Whether baked goods are raw or partially cooked, using shock freezing methods can provide a range of benefits for bakeries that will increase efficiency, preserve quality, and help with profitability.
Unlike other types of applications like chocolate or standard food storage, freezing dough and other baked products comes with a different set of considerations. For example, very cold temperatures can impact the effectiveness of yeast. The structure of dough needs to be preserved, and the ingredients in dough can also impact its freezing point. One way to help mitigate some of these challenges is with shock freezing technology.
Here are three ways shock freezing can help in bakery settings.
When you shock freeze dough, batter, or even par-baked goods, they can be preserved for longer periods of time. As many bakery operations are moving toward models that don't require full production of product, using shock freezers can be a great way to enhance the viability of dough and expand the overall reach of the operation.
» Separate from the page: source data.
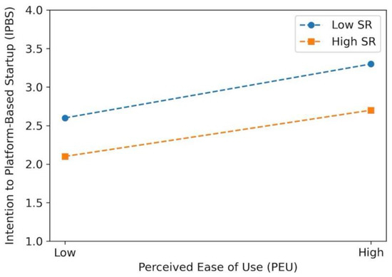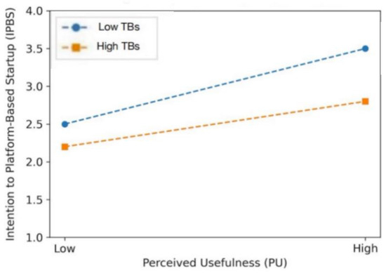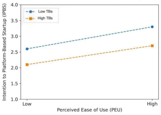 TBs arise when new technologies and innovative services are complicated for users to understand or apply, potentially hindering platform adoption and the efficiency of entrepreneurial activities [68]. In platform environments, confidence in IT skills promotes participation and improves operational strategies [69]. In contrast, the higher the technological barrier, the more difficulty entrepreneurs may face adapting to the platform, which can ultimately weaken their entrepreneurial intention [70]. The moderating effect of technology barriers draws upon the diffusion of innovation theory, which suggests that adoption depends not only on perceived benefits but also on perceived effort and system compatibility. High perceived technological barriers (e.g., complexity, lack of support) can diminish the impact of cognitive beliefs on intention by creating friction in the decision-making process. In entrepreneurial contexts, where users often lack technical assistance, these barriers may disproportionately deter novice users. Prior studies in digital entrepreneurship confirm that system complexity moderates the ease–intention relationship [71].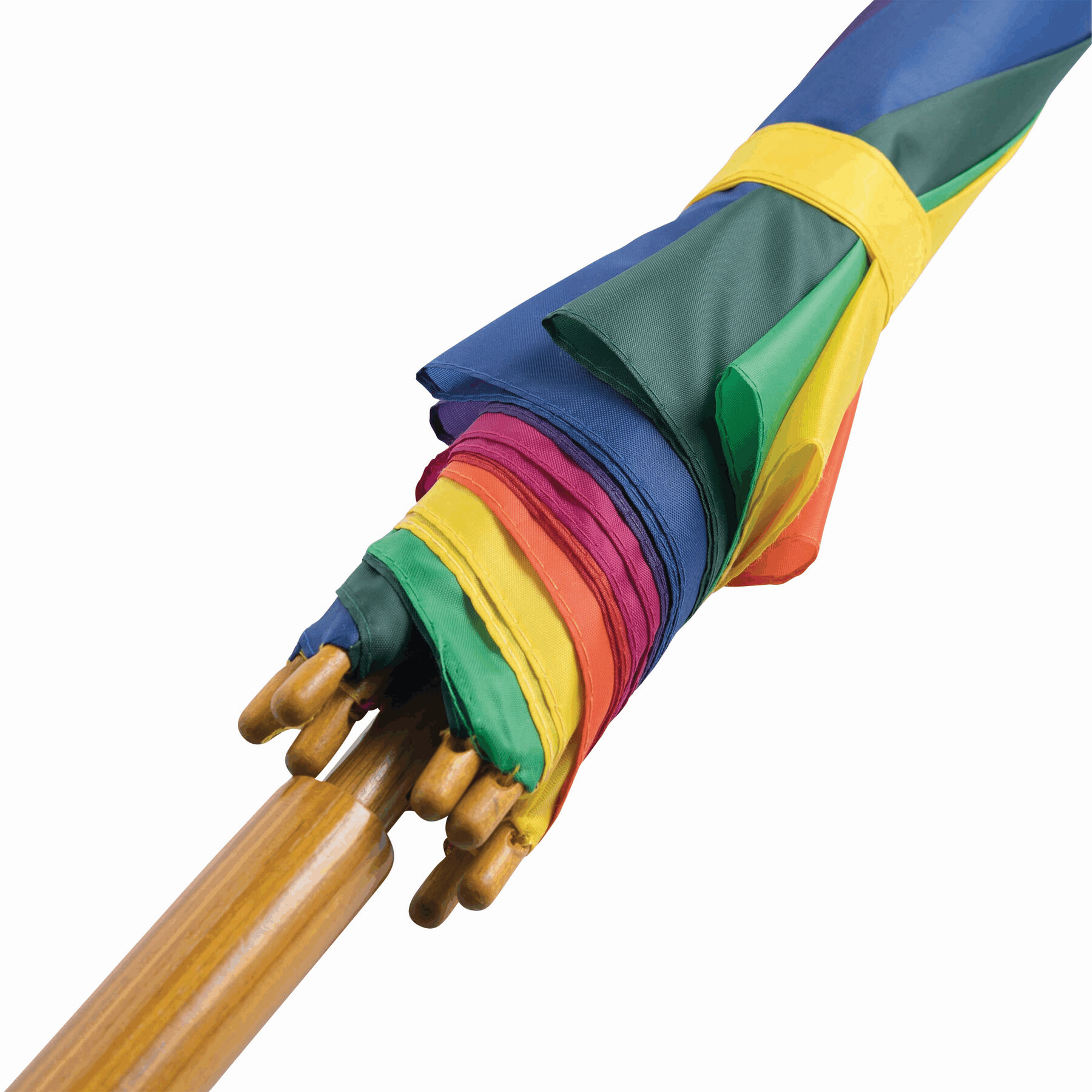 Automatyczny parasol TANGO. Poszycie z poliestru 190 T, czarne, metalowe szyny, drewniana laska i uchwyt w kolorze orzecha włoskiego.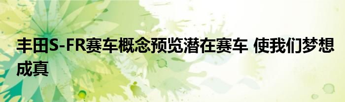 Toyota S-FR Racing Concept是由Gazoo Racing的團隊開發的,他們在調整豐田賽車的設計方面具有豐富的經驗。如果該車投入生產,則有望在多個市場銷售,從到歐洲,甚至在。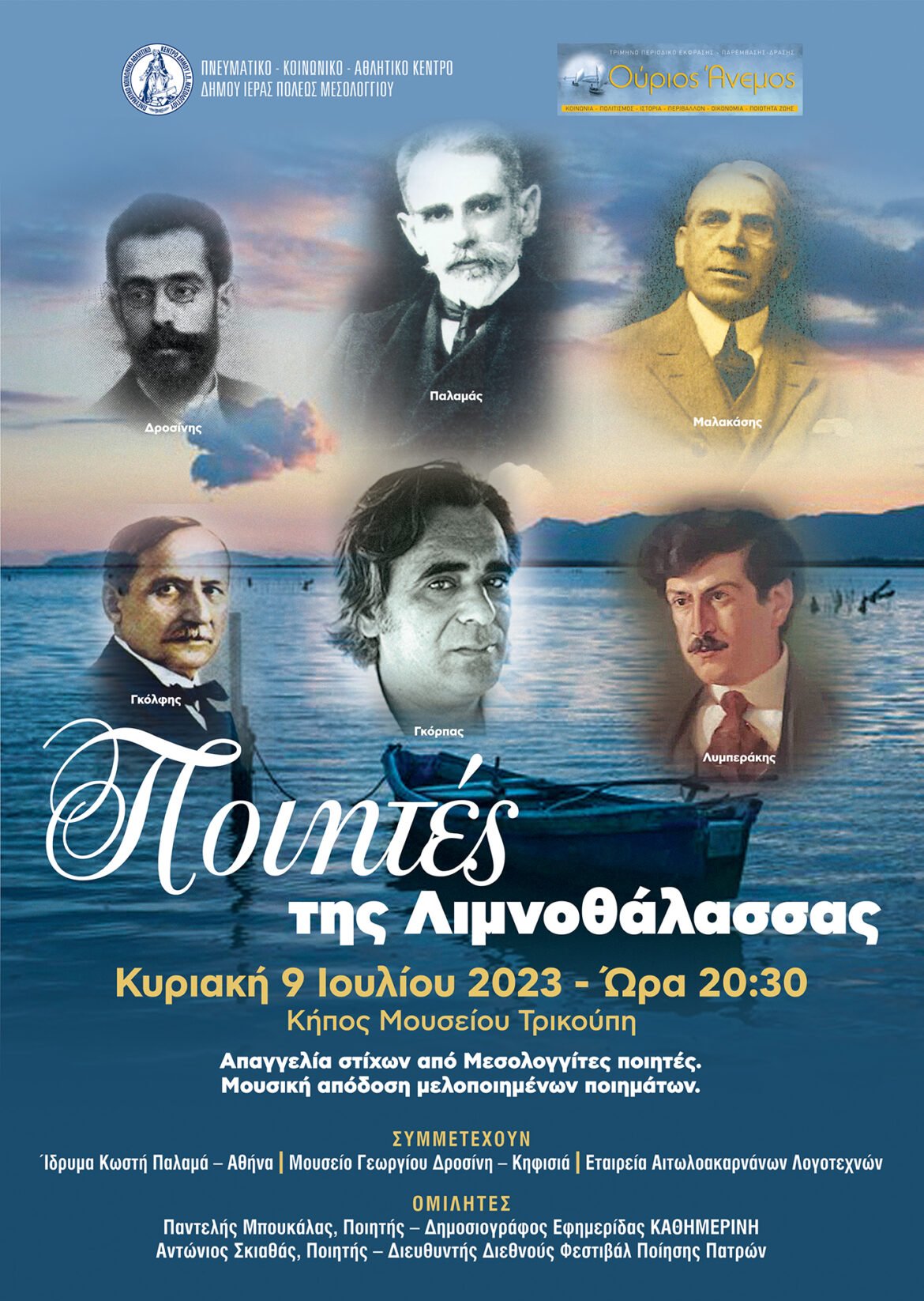 Την Κυριακή 9 Ιουλίου 2023 και ώρα 20:30 στον Κήπο Μουσείου Σπυρίδωνος και Χαριλάου Τρικούπη μέσα στην καλοκαιρινή νυχτιά θα λάβει χώρα μια μαγική εκδήλωση με Απαγγελία στίχων ΜεσολογγιτώνΠοιητών, Μουσική απόδοση μελοποιημένων ποιημάτωνκαι έκθεσηποιητικώνσυλλογώνμε τίτλο «Ποιητές της Λιμνοθάλασσας».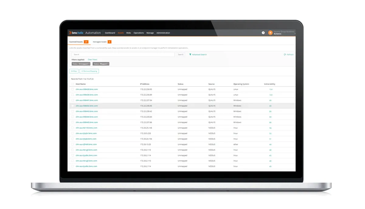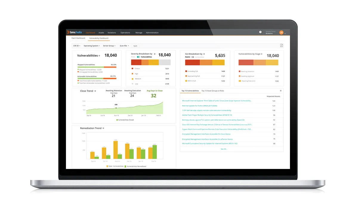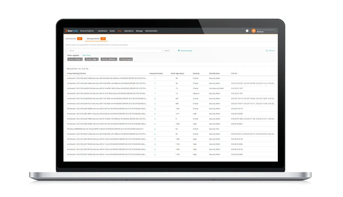 BMC Helix Automation Console (previously Vulnerability Management) simplifies patching, quickly remediates security vulnerabilities, and ensures compliance using automation and advanced analytics.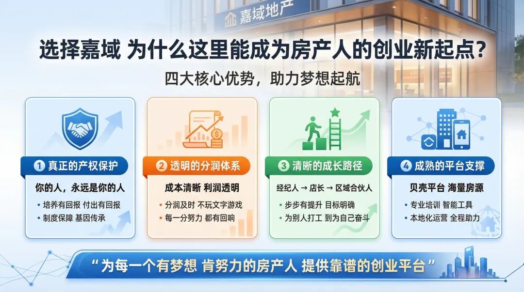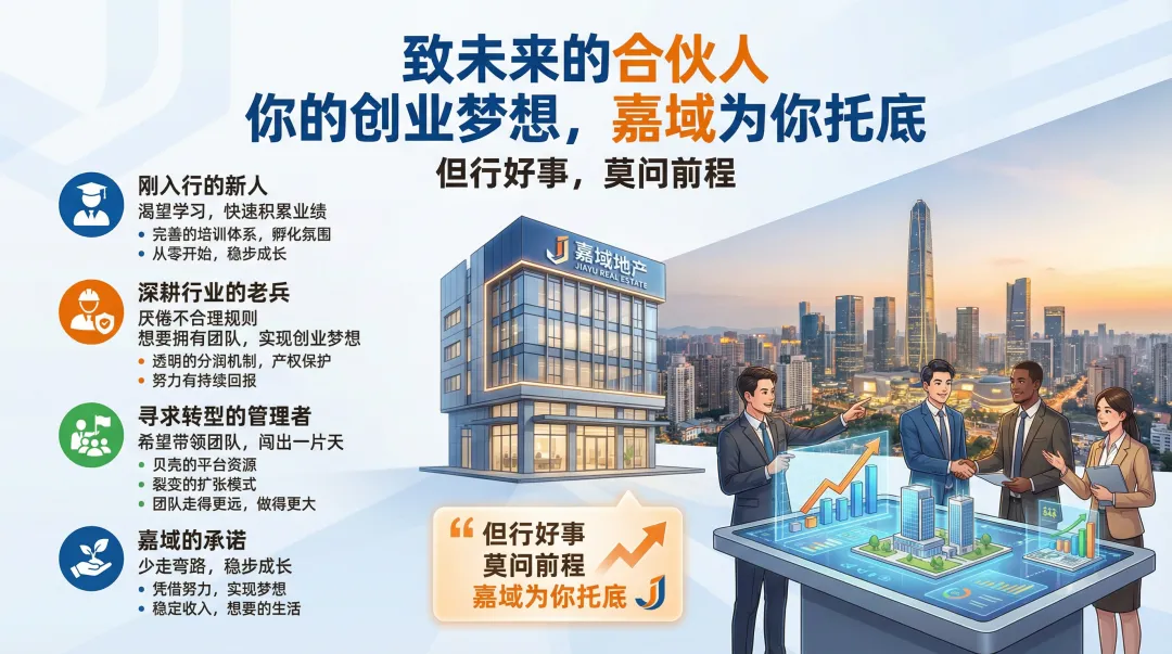 如果你是刚入行的房产新人,渴望学到专业知识、快速积累业绩,嘉域有完善的培训体系和孵化氛围,让你从零开始,稳步成长;如果你是深耕行业的老兵,厌倦了传统公司的不合理规则,想要拥有自己的团队、实现创业梦想,嘉域有透明的分润机制和产权保护,让你的努力有持续的回报;如果你是寻求转型的管理者,希望带领团队闯出一片天,嘉域有贝壳的平台资源和裂变的扩张模式,让你的团队能走得更远、做得更大。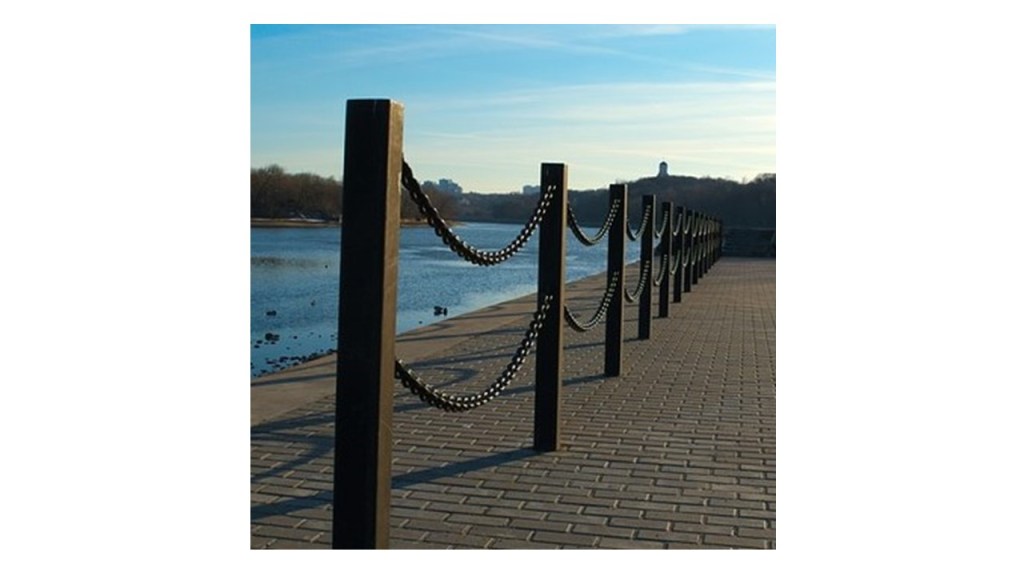 The picture above shows cables supported by pylons; each section of cable hangs from two fixed points. Between these points, the force of gravity stretches the cable so that it falls into a curve. Until the early seventeenth century, people believed this curve was a parabola. Why? Because it looked like one! But Galileo Galilei (1564-1642; known for the Galilean principle of relativity and describing the motion of planets relative to the sun, see post 16.9) doubted that this assumption was true. In 1691, the equation that really describes the curve was derived by Christiaan Huygens (1629-1695), Gottfried Leibnitz (1646-1716) and Johann Bernoulli (1667-1748). Huygens was a Dutch mathematician, responsible for Huygens’ principle. Leibnitz was a German philosopher and mathematician who thought of differentiation and integration independently of Newton, and at about the same time. Bernoulli was a Swiss mathematician, the father of Daniel Bernoulli who derived Bernoulli’s equation. We call the curve whose equation they derived the catenary. The word “catenary” comes from the Latin word catena meaning a chain because the smooth curve through the centroid of each link of a chain, supported at two ends, lies on a catenary – see the picture below.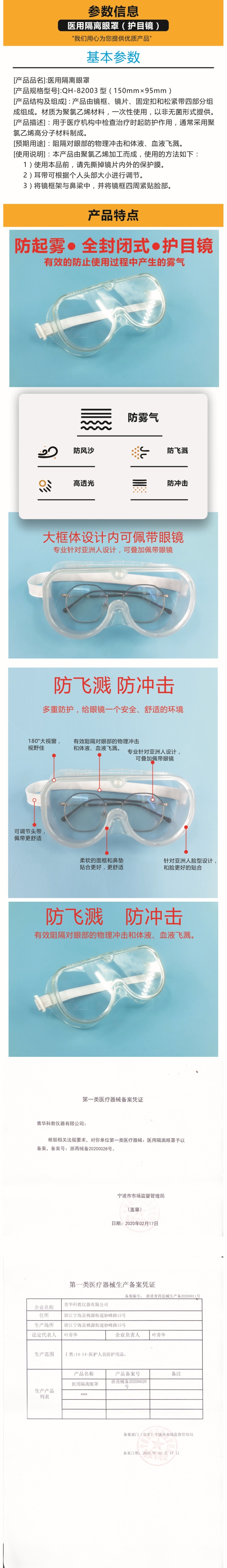 ▲青華科教醫用隔離眼罩信息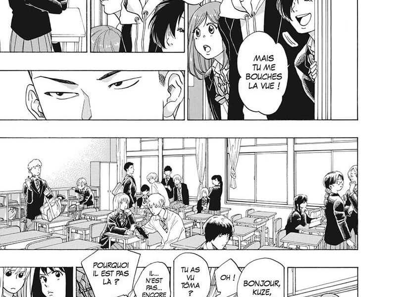 Blue Flag (Ao no Flag) est un manga conclu en huit tomes au Japon aux éditions Shueisha. Il faut noter que cet ouvrage a d'abord été publié sous forme numérique sur l'application Shueisha Jump + avant de sortir en volume relié. L'histoire du premier amour commence lorsque trois lycéens se rencontrent au cours de leur année de terminale. Tous les trois ont également peur de ce que la vie pourrait leur réserver après l'école. C'est ainsi que Taichi Ichinose est censé aider sa camarade de classe Futaba Kuze à se préparer pour un rendez-vous, et pourtant il a du mal à la supporter. Ce "date" est prévu avec son meilleur ami qui par ailleurs le garçon le plus populaire de l'école, Tôma Mita. Le premier problème ne se fait pas attendre, car si Taichi accepte effectivement d'aider l'adolescente, il développe rapidement des sentiments contradictoires en son encontre ... au point de la trouver craquante (est-il tombé amoureux ?). Problème numéro deux : Tôma est lui bel et bien secrètement amoureux de Taichi depuis toujours. Les personnages principaux et les lecteurs peuvent s'attendre à des journées de printemps agréables, difficiles et déchirantes. L'histoire elle-même commence assez lentement et se développe par petites étapes en une trame vraiment belle qui pourrait laisser penser que nous sommes dans un shojo et pourtant Blue Flag est bien un shonen. Et bientôt un quadrangle amoureux inattendu avec un soupçon d'amour non partagé émerge. L'amour est déjà assez difficile, mais il devient un labyrinthe infranchissable pour le lycéen discret Taichi Ichinose et sa timide camarade Futaba Kuze ...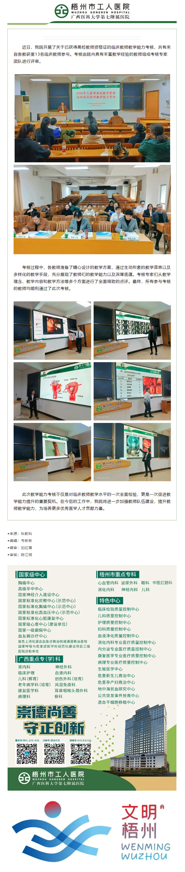 梧州市工人医院梧州市工人医院开展临床教师教学能力考核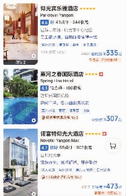 8月16日,三湘都市报记者检索发现,缅甸仰光宾乐雅酒店“高级大床房”只需335元每晚,即便是周末,各房型均有大量剩余房间可供预订。位于仰光大金塔、缅甸国家博物馆等景区周边的泽尔拉斯酒店、仰光泛太平洋酒店、玫瑰园酒店周末档期也未预订满,各价位均有房可订。

When breads are fully cooked, the best way to preserve quality before storage or shipping is to use shock freezer technology. This is great for extending the shelf life of baked goods, as well as make it easier to preserve quality as product is shipped to other locations.
With shock freezing, high-production operations can be prepared for peak demand. Even when day-to-day production capacity might not result in sufficient inventory, shock freezing can allow operations to produce and store enough product without sacrificing quality.
When operators drastically reduce temperatures of dough or bread before cold storage, and when the process is done quickly and efficiently, shock freezing can help eliminate the negative effects on starch. Shock freezing can also ensure freshness and help prevent the formation of mold, especially for fully-baked goods that often emerge from ovens in a warm state and are quickly stored in plastic bags. The quicker these breads reach proper cold temperatures, the greater the chance to preserve quality.
With shock freezing, the potential for large ice crystals to form -- or as we know it, freezer burn -- is diminished. Freezer burn can change the flavors and aromas of breads and baked goods, so the goal should always be to eliminate it.